As in the front of the wedge that is going to split apart the $20 billion and fairly monolithic datacenter switching market.

Jay Parikh, vice president of infrastructure engineering at Facebook, divulged some of the details on the homemade Wedge top-of-rack switch at the GigaOm Structure conference in San Francisco. The Wedge switch is the next step in a journey that Facebook has been on for the past year to peel the skins off of Layer 2 switches, break them up into modular components, and open them up for innovation by hackers like those at Facebook, its hyperscale peers, and those in the supercomputing and high-end enterprise sectors who, no doubt, would like to have more control over their networking stacks and do a little hacking here and there to make things work better.

Last year, Facebook first started the open networking effort within the Open Compute Project that it founded nearly three years ago to open up designs for servers, storage, and datacenters. The idea with all of these open projects is to foster the development of machines that suit the needs of hyperscale companies like Facebook and to share innovation across members, much like the open source community has done for decades for software. Open Compute has gathered steam and garnered the support of component-level and system-level vendors who know that it is better to join the open hardware movement than to try to fight it. But as Najam Ahmad, director of technical operations at the social network, explained to EnterpriseTech last year, the goal is not just to have a commoditized switch that is analogous to an X86 server. The goal is to bust open switch appliances and modularize both the hardware and the software so building blocks can be changed independently and at a rate that customers – not vendors – dictate.

Last fall, prototype Open Compute switches were revealed by switch chip makers Broadcom, Intel, and Mellanox Technologies. This was the first step toward true open networking and the machines have been in testing at Facebook and other unnamed customers in the financial services and service provider communities that are also seeking a more hackable network stack. Intel had already lined up Quanta Computer and Accton to manufacture its “SeaCliff Trail” reference switch if any Open Compute members were eager to have the Intel variant of the open networking switch.

facebook-wedge-switch-block-diagram

This was phase one of the open networking development effort, explained Parikh, and it is in phase two that things get very interesting.
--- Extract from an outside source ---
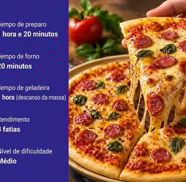 Uma pizza caseira com massa macia e sabor irresistível, perfeita para qualquer ocasião. Fácil de preparar e super versátil, você pode montar com seus ingredientes favoritos e criar uma versão única.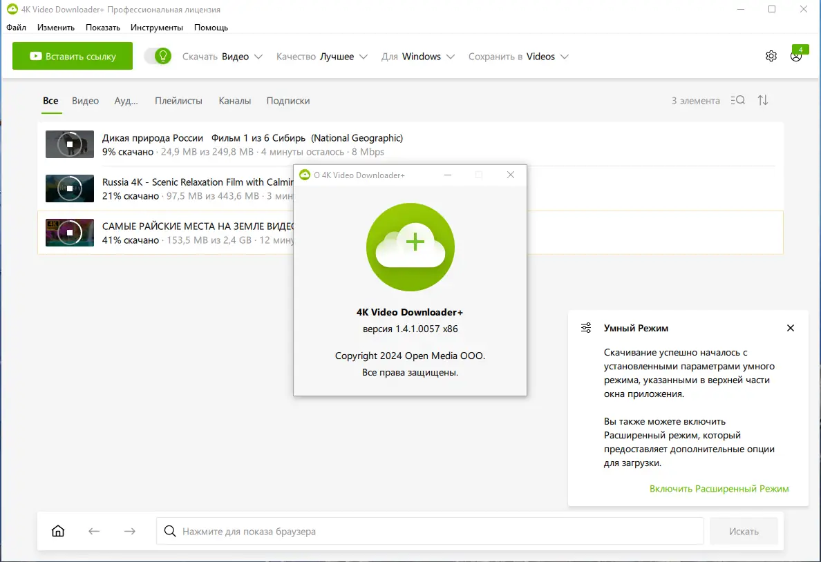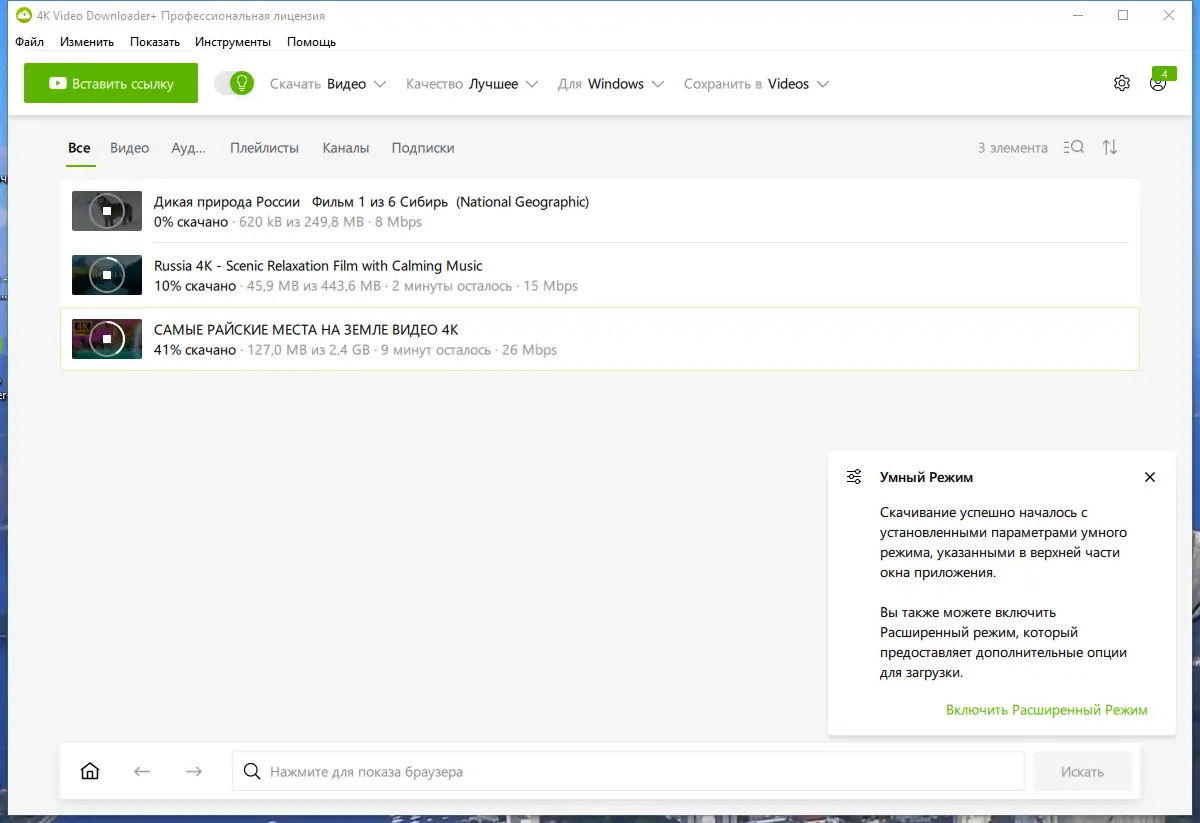 - Умный режим для автоматизации и ускорения процесса скачивания.

With phase one, Facebook wanted to pry loose the network operating system from the underlying switch hardware and encourage vendors to open up their hardware platforms to put in X86 coprocessors so network functions formally running on other appliances or on servers could be moved onto the switch and to – and this is heresy for the main switch makers – allow multiple switch operating systems to run on the iron. Facebook got behind Cumulus Networks, a provider of a Linux-based switch operating system, and no doubt hopes for more to come.

With phase two of the open networking project, Facebook is once again getting out ahead of the vendors (as it did with its initial server and datacenter designs three years ago) and building its own switch hardware, the above-mentioned Wedge, and switch operating system, called FBOSS.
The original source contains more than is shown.